Схватила за руку, вывернула, стало так больно, что вполне всамделишно застонал.
– Феликс и это предусмотрел. Так вот: он велел сказать тебе, недоверчивому, напомнить велел... Ты взял со стола, из пачки листов, один. И подал Феликсу. На этом листочке Феликс нарисовал схему ВЧК.
Вот это да... И крыть нечем.
– Какое задание? И зачем этот маскарад?
– Слушай сюда! Войков - он как многие. Ни туда, ни сюда. Жуир, прожигатель жизни. Здесь Юровский ничего искать не станет. А задание... Вот, послушай. Есть мнение найти похожих на Романовых, на всю семью - он, она, четыре сестры, мальчик. Людей одурманить. Расстрелять и закопать. Настоящих - вывести из дома и вывезти из города. Если надо - до поры спрятать.
– Поговорим...
– План показался диким, несбыточным.
– Ты лучше скажи, под каким соусом ты заявилась в этот дом?
– Да просто все... Неделю назад представилась купеческой дочкой Варфоломеевой, из Златоуста. Подарила "на революцию" его жене золотой сервиз - вилки, ложки, ножи и прочее на двадцать четыре персоны. Сказала, что "следю" за тобой давно, желаю в объятья. Она и устроила.
– Это все... ради нашей... встречи?
– Любимый, хочу! Прямо сейчас!
– завопила дурным голосом и, повалив Ильюхина на диван, начала покрывать его лицо безумными поцелуями.
– Какая страсть, какая страсть...
– проворковал Войков с предпоследней ступеньки.

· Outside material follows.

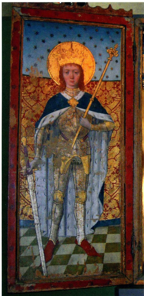
Fig. 6. Sankt Erik. Detalj ur ett altarskåp från Salems kyrka, Södermanland. Statens historiska museum, Stockholm.

om "sancti Eric konungx domkyrka" och liknande belägg finns i flera andra handlingar från 1400- och det tidiga 1500-talet. 22 Utvecklingen har paralleller på kontinenten, där man under perioden 1200–1350 alltmer övergick till att dyrka nykanoniserade helgon istället för de gamla välkända martyrererna från fornkristen tid. 23 I synnerhet de påvliga kanoniseringarna av Thomas Becket 1173 och Bernhard av Clairvaux 1174 tycks ha varit betydelsefulla i sammanhanget. 24 Fördelen med lokala helgon var att de gjorde det möjligt att presentera ett rikare utbud av undergörande föremål. Den som sökte sig till Uppsala domkyrka under senmedeltiden hade inte bara chansen att få se Sankt Eriks skrin med relikerna, utan också en tagelskjorta, en begravningskrona och ett baner som associerades med honom. Möjligheterna till inlevelse måste därmed ha ökat betydligt (se vidare Exklusivitet och folklighet ).

– Зной, восторг и маргазм, или как там?
– Спасибо тебе, тариванищ!
– проорал Ильюхин.
– Не забуду по... гроб и мать родную - тоже!
– Продолжайте, товарищи!
– Войков ушел, видимо ничего не заподозрив.
Она поднялась, отдуваясь.
– А ты на баб падкий...
– сказала равнодушно.
– Чувствуется и ощущается. У вас все мгновенно затвердело, ситуайен1 Ильюхин. Завтра утром я ожидаю тебя у театра. Оберегайся. Ты должен прийти без хвоста.
Переспрашивать не стал, догадался: "хвост" - люди Юровского.